A prática de esportes pode desempenhar, ainda, importante papel social para as meninas e mulheres. Na sessão solene de hoje, estiveram presentes representantes de vários projetos que têm práticas esportivas como instrumentos de transformação e socialização.

“O esporte salva vidas”, apontou Fernanda Iung Lima, faixa preta de jiu jitsu e coordenadora do projeto “Mulheres que Lutam”. A iniciativa utiliza a arte marcial como ferramenta de defesa pessoal, saúde mental e física e empoderamento feminino.

Por sua vez, a atleta de beach tennis Juliana Vieira apresentou o projeto Butterfly, que é um torneio voltado apenas para mulheres, com o intuito de criar um ambiente de acolhimento e conexão entre as participantes e, também, de evolução no esporte. “Ele nasceu a partir de uma dor, de uma filha que teve câncer. Nesse processo, procuramos não só pessoas para nos ajudar, mas também o esporte”, explicou Vieira.
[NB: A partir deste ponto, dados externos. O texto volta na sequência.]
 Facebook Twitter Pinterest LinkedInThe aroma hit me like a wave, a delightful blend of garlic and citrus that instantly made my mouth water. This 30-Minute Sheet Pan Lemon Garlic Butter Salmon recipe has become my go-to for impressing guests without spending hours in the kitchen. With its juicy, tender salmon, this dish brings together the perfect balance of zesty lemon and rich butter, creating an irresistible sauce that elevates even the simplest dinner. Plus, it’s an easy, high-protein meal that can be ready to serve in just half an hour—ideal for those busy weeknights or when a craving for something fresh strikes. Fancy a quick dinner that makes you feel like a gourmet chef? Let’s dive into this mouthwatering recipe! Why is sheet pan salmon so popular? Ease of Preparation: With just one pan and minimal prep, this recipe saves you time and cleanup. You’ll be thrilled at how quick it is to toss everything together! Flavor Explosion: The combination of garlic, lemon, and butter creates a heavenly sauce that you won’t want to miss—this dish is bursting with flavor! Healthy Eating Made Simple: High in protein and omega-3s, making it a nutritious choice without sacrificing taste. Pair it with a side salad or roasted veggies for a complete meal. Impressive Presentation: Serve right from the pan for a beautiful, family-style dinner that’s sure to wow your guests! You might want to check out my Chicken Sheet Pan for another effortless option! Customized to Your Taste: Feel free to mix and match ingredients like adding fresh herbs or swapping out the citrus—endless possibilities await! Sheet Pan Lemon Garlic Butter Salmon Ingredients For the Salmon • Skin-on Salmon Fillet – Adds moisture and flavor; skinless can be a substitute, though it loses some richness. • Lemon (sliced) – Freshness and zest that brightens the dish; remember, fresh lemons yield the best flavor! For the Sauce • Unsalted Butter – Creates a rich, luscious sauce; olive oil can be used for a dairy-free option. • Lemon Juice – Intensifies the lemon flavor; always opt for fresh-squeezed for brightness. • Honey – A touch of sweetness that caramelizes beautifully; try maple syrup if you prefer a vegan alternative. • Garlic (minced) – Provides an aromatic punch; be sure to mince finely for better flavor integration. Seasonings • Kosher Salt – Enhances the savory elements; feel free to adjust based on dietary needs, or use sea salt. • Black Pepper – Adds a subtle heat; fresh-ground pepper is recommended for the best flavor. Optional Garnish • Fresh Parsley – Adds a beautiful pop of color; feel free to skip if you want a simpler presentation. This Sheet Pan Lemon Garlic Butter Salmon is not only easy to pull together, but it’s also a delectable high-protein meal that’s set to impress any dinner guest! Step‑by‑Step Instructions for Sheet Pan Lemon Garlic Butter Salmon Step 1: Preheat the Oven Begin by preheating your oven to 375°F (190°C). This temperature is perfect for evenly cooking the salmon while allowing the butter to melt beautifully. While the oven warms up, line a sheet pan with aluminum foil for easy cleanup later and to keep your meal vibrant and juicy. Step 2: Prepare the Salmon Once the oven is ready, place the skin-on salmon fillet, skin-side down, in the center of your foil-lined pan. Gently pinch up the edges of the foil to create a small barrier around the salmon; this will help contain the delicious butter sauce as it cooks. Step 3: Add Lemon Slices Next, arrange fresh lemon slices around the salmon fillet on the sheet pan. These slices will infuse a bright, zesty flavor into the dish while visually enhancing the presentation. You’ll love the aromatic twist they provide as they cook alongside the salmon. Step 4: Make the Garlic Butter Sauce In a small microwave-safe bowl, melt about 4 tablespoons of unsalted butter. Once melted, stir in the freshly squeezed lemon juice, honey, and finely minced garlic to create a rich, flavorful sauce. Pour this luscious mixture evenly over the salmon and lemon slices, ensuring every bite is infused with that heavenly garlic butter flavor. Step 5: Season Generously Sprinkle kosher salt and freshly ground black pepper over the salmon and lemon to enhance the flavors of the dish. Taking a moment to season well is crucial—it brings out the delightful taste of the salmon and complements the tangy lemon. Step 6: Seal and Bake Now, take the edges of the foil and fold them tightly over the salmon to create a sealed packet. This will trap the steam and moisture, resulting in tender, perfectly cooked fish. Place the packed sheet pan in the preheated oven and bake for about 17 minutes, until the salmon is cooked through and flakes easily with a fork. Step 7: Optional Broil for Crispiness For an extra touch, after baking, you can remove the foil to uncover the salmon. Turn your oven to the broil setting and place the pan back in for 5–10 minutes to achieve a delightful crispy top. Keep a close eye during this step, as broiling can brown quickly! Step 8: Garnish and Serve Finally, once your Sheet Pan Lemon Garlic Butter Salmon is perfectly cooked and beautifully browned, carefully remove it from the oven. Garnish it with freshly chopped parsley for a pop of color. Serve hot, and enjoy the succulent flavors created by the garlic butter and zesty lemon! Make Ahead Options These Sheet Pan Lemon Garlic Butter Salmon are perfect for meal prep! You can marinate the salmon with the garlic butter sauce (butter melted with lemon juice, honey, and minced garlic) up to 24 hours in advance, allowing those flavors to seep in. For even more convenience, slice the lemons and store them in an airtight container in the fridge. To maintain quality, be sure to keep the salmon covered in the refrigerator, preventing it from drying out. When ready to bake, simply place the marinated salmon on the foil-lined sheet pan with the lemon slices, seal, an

Butterfly [borboleta em inglês] é transformação, do casulo a uma linda borboleta”, continuou a idealizadora. “O beach tennis consegue levantar as pessoas, são mulheres que levantam outras por meio do esporte. O jogo em si, a comunicação, o abraço, a conversa pós jogo: tudo isso é importante”, concluiu Juliana Vieira.